- [WORK REQUEST]
Exactly the lines from the line containing "КБЕ, завод окон" through the last line of the entries below should appear in the answer, reproduced verbatim.

[Source data]
-- Opening Marker --

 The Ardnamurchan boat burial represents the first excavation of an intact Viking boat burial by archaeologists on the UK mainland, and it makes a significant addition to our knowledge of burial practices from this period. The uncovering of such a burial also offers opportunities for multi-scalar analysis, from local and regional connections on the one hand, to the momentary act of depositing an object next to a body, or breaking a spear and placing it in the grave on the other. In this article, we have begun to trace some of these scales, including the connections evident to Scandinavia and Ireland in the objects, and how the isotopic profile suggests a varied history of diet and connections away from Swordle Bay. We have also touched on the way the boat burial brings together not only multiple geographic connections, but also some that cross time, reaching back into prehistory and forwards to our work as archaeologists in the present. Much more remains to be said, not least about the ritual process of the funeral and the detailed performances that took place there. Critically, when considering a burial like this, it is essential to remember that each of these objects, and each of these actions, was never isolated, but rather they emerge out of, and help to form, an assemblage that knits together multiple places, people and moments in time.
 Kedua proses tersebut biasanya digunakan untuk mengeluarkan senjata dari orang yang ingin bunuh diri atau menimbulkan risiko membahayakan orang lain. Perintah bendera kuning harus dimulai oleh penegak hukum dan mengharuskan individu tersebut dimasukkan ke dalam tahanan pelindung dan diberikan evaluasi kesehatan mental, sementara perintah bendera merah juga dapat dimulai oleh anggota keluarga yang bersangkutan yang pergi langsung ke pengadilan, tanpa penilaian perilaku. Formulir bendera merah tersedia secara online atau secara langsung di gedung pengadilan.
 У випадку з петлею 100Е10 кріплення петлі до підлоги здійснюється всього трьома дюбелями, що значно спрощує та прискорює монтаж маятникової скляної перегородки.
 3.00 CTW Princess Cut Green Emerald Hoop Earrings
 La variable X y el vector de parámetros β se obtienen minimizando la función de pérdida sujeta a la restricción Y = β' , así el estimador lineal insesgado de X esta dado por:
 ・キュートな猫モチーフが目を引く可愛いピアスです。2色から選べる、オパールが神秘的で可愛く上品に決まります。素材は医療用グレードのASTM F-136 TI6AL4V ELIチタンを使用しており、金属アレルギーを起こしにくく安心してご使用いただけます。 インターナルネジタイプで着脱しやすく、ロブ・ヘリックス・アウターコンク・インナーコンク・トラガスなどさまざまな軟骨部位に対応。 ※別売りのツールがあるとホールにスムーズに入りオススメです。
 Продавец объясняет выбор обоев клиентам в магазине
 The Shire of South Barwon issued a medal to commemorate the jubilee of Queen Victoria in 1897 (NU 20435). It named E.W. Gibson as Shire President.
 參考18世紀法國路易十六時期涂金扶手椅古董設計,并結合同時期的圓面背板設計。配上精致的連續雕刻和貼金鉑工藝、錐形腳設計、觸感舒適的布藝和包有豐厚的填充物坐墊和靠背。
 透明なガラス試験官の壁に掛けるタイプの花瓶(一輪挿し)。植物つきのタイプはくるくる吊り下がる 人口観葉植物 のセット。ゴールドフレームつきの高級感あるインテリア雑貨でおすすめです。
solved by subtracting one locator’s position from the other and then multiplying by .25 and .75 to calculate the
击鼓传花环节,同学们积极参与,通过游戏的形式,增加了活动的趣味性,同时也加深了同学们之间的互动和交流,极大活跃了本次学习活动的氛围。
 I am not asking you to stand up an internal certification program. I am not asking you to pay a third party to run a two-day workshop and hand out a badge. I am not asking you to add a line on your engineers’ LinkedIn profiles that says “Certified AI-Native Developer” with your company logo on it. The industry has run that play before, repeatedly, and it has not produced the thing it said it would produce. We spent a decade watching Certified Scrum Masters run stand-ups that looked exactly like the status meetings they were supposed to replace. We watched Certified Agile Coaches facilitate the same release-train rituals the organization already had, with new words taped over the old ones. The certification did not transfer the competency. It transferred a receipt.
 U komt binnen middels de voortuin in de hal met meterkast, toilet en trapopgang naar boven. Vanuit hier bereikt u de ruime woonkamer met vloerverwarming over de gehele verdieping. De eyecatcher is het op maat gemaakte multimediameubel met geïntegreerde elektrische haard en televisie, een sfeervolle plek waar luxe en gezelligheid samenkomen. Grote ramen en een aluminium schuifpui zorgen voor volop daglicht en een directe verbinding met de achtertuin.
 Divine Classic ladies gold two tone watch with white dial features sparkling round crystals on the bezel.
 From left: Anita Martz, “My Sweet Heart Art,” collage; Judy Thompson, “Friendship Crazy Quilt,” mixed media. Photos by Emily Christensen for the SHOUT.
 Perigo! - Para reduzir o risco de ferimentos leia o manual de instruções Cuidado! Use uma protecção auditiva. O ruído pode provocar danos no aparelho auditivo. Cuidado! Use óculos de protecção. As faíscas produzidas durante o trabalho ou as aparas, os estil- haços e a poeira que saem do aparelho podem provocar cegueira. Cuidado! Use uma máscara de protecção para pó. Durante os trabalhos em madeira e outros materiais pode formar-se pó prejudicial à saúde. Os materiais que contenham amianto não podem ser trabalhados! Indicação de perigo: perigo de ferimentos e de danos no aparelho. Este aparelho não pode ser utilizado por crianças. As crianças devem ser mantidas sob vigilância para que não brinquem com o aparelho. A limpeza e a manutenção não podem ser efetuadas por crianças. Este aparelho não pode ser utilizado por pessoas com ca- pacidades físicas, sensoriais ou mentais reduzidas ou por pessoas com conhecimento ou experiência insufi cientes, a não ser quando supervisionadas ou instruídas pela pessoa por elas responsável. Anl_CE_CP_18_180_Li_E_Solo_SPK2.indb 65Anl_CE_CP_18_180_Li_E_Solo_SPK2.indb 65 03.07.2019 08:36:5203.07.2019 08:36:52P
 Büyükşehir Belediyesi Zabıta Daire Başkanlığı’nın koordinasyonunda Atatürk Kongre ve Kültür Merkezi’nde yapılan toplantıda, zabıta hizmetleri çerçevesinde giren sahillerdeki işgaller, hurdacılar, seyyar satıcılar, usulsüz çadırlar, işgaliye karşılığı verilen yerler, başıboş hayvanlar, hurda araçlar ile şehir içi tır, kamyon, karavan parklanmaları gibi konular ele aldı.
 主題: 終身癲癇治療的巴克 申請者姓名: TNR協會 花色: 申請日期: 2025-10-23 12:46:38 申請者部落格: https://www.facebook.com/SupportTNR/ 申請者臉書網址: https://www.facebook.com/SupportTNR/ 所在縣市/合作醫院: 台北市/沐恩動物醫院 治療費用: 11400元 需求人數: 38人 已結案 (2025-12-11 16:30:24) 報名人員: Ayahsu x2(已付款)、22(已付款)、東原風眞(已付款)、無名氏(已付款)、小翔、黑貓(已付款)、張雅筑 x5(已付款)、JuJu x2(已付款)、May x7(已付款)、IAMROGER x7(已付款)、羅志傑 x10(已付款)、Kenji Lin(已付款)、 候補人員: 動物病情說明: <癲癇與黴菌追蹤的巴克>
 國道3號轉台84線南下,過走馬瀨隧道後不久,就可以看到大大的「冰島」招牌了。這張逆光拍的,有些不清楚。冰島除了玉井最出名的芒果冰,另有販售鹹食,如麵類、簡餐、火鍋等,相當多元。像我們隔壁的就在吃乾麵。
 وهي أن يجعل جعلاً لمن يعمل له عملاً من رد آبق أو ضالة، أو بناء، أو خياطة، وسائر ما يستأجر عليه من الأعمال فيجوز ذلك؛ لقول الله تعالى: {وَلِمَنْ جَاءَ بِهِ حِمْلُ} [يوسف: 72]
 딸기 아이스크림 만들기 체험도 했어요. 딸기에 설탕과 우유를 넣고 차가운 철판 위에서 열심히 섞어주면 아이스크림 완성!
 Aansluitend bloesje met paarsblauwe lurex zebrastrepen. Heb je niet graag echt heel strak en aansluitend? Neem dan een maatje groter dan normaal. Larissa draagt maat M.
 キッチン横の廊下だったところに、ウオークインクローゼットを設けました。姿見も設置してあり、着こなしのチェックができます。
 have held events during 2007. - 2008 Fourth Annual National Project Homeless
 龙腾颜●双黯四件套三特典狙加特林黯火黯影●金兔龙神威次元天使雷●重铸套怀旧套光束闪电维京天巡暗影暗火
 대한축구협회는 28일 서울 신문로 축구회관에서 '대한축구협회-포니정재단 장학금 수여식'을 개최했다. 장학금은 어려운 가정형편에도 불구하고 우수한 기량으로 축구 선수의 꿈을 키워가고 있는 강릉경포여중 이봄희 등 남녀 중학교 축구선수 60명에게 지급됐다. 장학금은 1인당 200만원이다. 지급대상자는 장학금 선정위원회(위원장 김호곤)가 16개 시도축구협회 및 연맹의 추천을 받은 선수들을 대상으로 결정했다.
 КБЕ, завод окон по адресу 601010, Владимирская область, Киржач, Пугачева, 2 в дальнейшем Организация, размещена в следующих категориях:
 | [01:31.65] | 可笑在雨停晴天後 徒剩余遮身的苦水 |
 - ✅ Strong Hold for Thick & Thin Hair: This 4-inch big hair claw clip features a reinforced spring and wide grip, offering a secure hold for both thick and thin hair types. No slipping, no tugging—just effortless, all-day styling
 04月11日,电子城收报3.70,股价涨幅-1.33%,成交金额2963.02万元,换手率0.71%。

-- Closing Marker --

- [PROBLEM SOLUTION]
 КБЕ, завод окон по адресу 601010, Владимирская область, Киржач, Пугачева, 2 в дальнейшем Организация, размещена в следующих категориях:
 | [01:31.65] | 可笑在雨停晴天後 徒剩余遮身的苦水 |
 - ✅ Strong Hold for Thick & Thin Hair: This 4-inch big hair claw clip features a reinforced spring and wide grip, offering a secure hold for both thick and thin hair types. No slipping, no tugging—just effortless, all-day styling
 04月11日,电子城收报3.70,股价涨幅-1.33%,成交金额2963.02万元,换手率0.71%。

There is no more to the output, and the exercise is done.